The Treasury Department today announced that President Clinton observed the signing of an income tax convention by U.S. Ambassador to Thailand William Itoh and Thai Foreign Minister Amnuay Viravan in Bangkok.
This is the first income tax convention between the United States and Thailand and is an important achievement in the Administration's broad strategy of expanding the U.S. tax treaty network with major trading partners in Southeast Asia. The Convention will enter into force after the countries have exchanged the instruments of ratification.
"Today's signing reminds us that governments do not create wealth,
but governments can create the climate in which our workers, our entrepreneurs, our investors and business people can have a free and unfettered opportunity to thrive," said President Clinton.
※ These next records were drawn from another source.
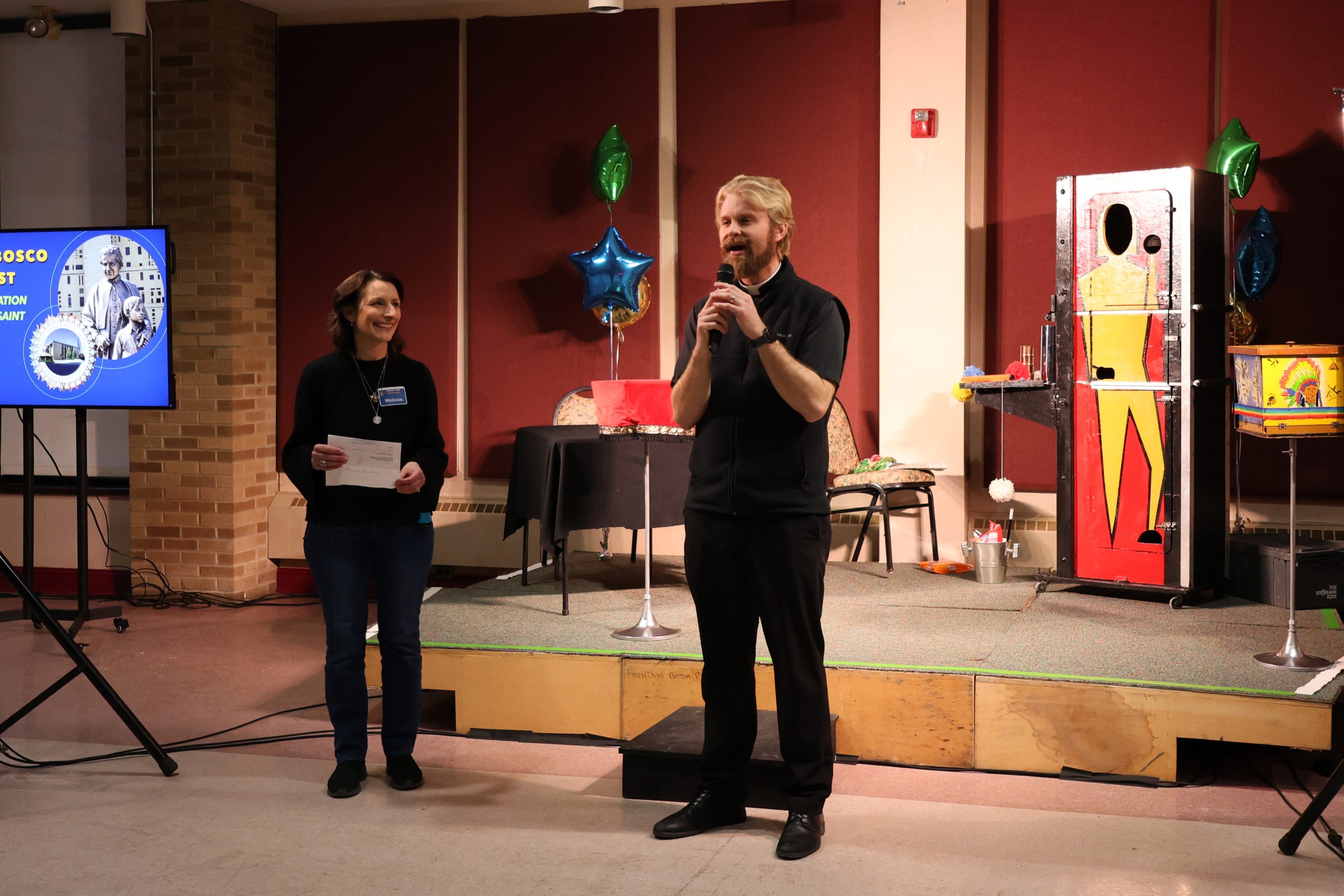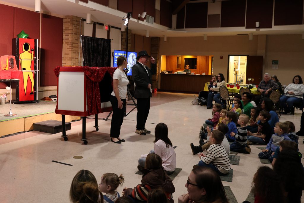 On Saturday, January 31,the Feast of St. John Bosco, more than 280 parishioners enjoyed an evening of fun, inspiration, and entertainment in honor of our parish patron saint. After the 4 PM Mass, they gathered in the Bell Tower for pizza, salad, and cookies. At each seat, they found a small gift envelope containing a laminated holy card of St. John Bosco and a Miraculous Medal. Melissa Barber-Tarolla, Director of Discipleship, served as the event’s leader, coordinator, and Master of Ceremonies, welcoming everyone. Pastor Father Matt Byrne offered a blessing for the meal and delivered opening remarks, emphasizing how much we can learn from St. John Bosco.
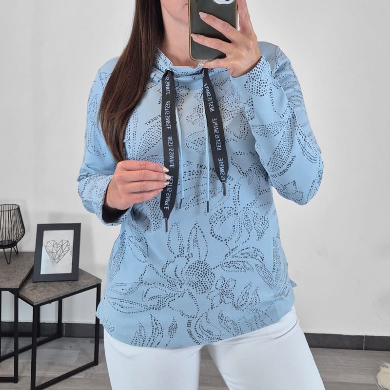 Modni ženski pulover modri barvi s sivim vzorčkom. Pulover ima dolga rokava. Ima visok ovratnik z vrvico in je brez kapuce. Pulover je ravnega kroja. Izdelan je iz mešanice modala, bombaža in elastana zato je zelo prijeten za nošenje.
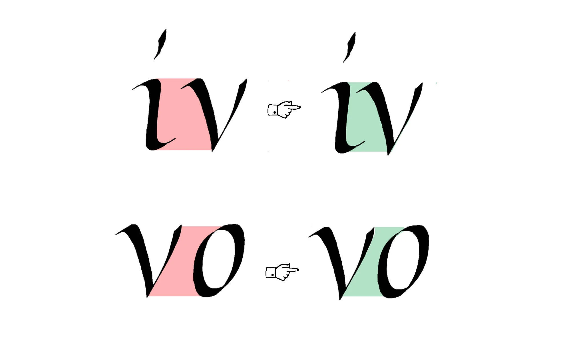 We already discussed spacing, but some cases are difficult to resolve simply by adjusting the distance between the letters. In pairs like rv or vv, it becomes increasingly difficult, and you might need to resort to ligatures to make it work.
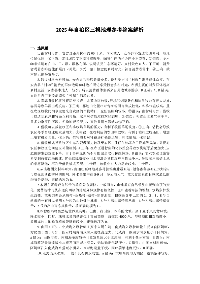 新疆维吾尔自治区2025年普通高考第三次适应性检测 文综地理答案解析.pdf
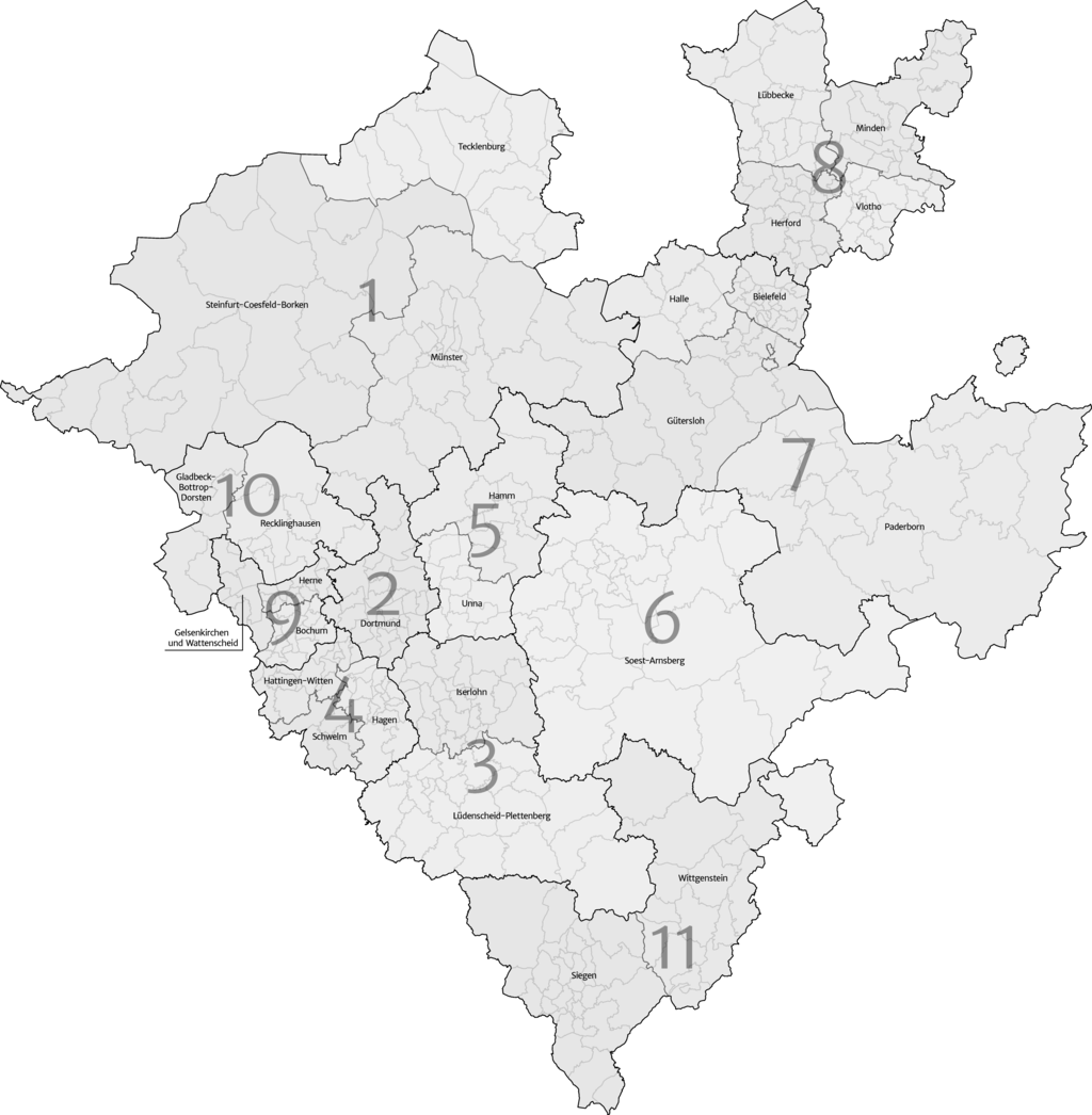 Die Kirchenkreise und Gestaltungsräume der Evangelischen Kirche von Westfalen.

The proposed Convention generally follows the pattern of the U.S. Model treaty, provisions of which have been included in many recent U.S. treaties with other developing countries. There are, however, variations that reflect particular aspects of Thai treaty policy, additional accommodations for U.S. and Thai law, and U.S.-Thai economic relations.
Although the withholding rates under the proposed Convention are generally higher than those in the U.S. Model and in many recent U.S. treaties with OECD countries, the proposed rates are generally lower than those in many recent Thai treaties.
Under the proposed Convention, direct investment dividends are subject to taxation at source at a 10-percent rate, and portfolio dividends are taxable at a 15-percent rate. The proposed Convention requires a 10-percent ownership threshold for application of the 10-percent tax rate.
The proposed Convention provides for a maximum 15-percent rate of tax at source on most interest payments. However, interest paid by any financial institution, including an insurance company, and interest earned on trade credits is limited to a 10-percent rate of tax at source. In addition, interest earned on government debt, including debt guaranteed by government agencies (e.g., the U.S. Export-Import Bank) is exempt from tax at source.
Copyright royalties (including software) are subject to a 5-percent tax at source. Royalties for the right to use equipment are subject to an 8-percent tax at source. Royalties for patents and trademarks are subject to a 15-percent tax at source.
Standard U.S. anti-abuse rules are provided for certain classes of investment income. Dividends paid by non-taxable conduit entities, such as U.S. Regulated Investment Companies and Real Estate Investment Trusts, are subject to special rules to prevent the use of these entities to transform what is otherwise high-taxed income into lower-taxed income. Excess inclusions with respect to residual interests in Real Estate Mortgage Investment Conduits are denied the benefits of the reduced rate of tax at source on interest.
Allowances similar to those under some U.S. treaties with developing countries are made for taxation of income from the performance of personal services. But the proposed Convention grants a taxing right to the host country that is broader than that in the OECD or U.S. Models.